第9話 幕間・5|むすびの火が、未来を照らすとき

※「むすびの記憶」シリーズは、物語と考察を交互に隔週更新しております。

本編と共に、世界観やキャラクター背景をじっくりお楽しみいただければ幸いです。



焚き火のぬくもりの向こうで、

撫子は天狗の横顔をじっと見つめていた。


「ねえ、天狗さん。

さっき『神々の火』って言ってたけど……

火って、どこから来たの?」


天狗はしばらく黙っていた。

火を見つめ、ゆっくりと口を開く。


「……お前は『火』を、

ただの燃えるものだと思ってるかもしれない。

でも、本当はね──

火は、空から落ちてきたんだ」


「空から?」


「うん。昔の人は、そう呼んだ。『天の火』って。

でも本当は、『未来から灯された光』だった」


撫子は目を見開く。


「未来……? 火が?」


「そう。

人がまだ星のことも知らなかった時代に、

ある者たちは、『希望』としての火を持って、過去へと降りてきた。

それはね、ただの炎じゃなかったんだ。


意思だった。

光よりも速く、祈りよりも深く──

『繋ぎ直す』ための火」


「……じゃあ、その火を持って来たのが……ニギハヤヒ様?」


「そうだ。ニギハヤヒは、火を『持って降りた者』だった。

でもそれは、ただの『贈り物』じゃない。

背負うものでもあり、『燃やし尽くす覚悟』が必要な火だったんだ」


撫子は膝の上で手を握りしめた。


「……その火って、使うたびに消えていくもの?」


「いや、消えない。

火は『渡す』ことで、増えるんだ。

信じた者が次に火を灯せば、それは『連なっていく』……

まるで麻の撚れのようにな」


「撚れ……」


「そう。
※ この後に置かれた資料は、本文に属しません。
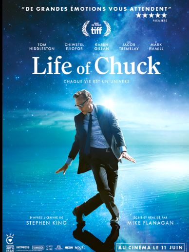 C’est la vie d’un homme ordinaire, éprouvé par la mort, racontée à l’envers, on commence par sa disparition, qui prend une dimension cosmique, puis on remonte jusqu’à son enfance à travers plusieurs épisodes. Les moments marquants de notre enfance nous influencent plus qu’on ne le pense, voilà ce que nous dit ce film, très bien construit, avec un intérêt qui ne faiblit pas. Un film très littéraire (voix off, importance des dialogues), philosophique aussi bien sûr, mais qui ménage aussi de purs moments de grâce, autour de la danse notamment, et une dose d’étrange. Un film qui est à l’opposé du divertissement, chacun y trouvera des interrogations sur sa propre vie. Un beau et profond moment de cinéma. The Life of Chuck, réalisé par Mike Flanagan et inspiré de l’œuvre de Stephen King, nous plonge dans l’intime de l’existence de Chuck, un homme dont la vie est explorée à rebours. Tom Hiddleston, dans une prestation émotive et physique, incarne avec brio la dégradation de son personnage, entre fragilité et force. Le film s'aventure dans le fantastique et la science-fiction, mais sans perdre de vue sa dimension humaine. Flanagan, loin de son style habituel d’horreur psychologique, offre ici une œuvre lumineuse, explorant la mémoire, la fin de vie et la beauté des instants partagés. En choisissant une narration à rebours, il magnifie chaque moment de l'existence de Chuck, célébrant l'art de vivre. Ce film, empli d'humanité, invite à saisir l'essence de chaque instant avant que tout ne disparaisse, offrant une réflexion poignante et optimiste sur la condition humaine. Life of Chuck est une escale cinématographique rare, un film qui ose la douceur, l’émotion, la contemplation. À travers une narration élégamment inversée, Mike Flanagan nous offre une réflexion sincère sur la vie, sa valeur et notre rapport au temps. Les performances d’ensemble, et tout particulièrement celle de Tom Hiddleston, illuminent ce voyage vers l’essentiel. Une œuvre qui réchauffe le cœur et invite, dès la sortie des salles, à partager émotions et discussions.

過去と未来、あの人とこの人、誰かと誰か。

それぞれの祈りや痛みが、火を通して撚られていくんだよ」


天狗は、ゆっくりと撫子の方を見た。

しばし黙り、そしてふと口元をゆるめて言う。


「もう『君』じゃないな。今は『お前』か──」


撫子は少しだけ頬を赤らめ、

でも何も言わず、焚き火を見つめ続けた。


天狗は、静かに語り続ける。


「だからね。

神々の火っていうのは、『未来に希望を残す者たち』の火なんだ。

この世界が何度も壊れそうになったとき、

誰かがその火を持って過去へ降りてきて、撚り直してきた。

それが──『むすびの火』」


撫子は、焚き火の小さな炎を見つめながら、そっとつぶやいた。


「……わたしたちは、その火を『受け取った者』なんだね」


天狗は、にやりと笑ってうなずいた。


「そう。お前もな。

ニギハヤヒの火は、まだ終わっちゃいない。

お前の中にも、ちゃんと受け継がれてる」


撫子はしばらく黙っていた。

そして、焚き火の炎に手をかざして、そっと目を閉じた。


――――――――――


(風の音が、静かに吹き抜ける)


――――――――――


※この物語は、日本神話をもとにしたフィクションです。

実在の信仰・伝承とは異なる創作表現を含みます。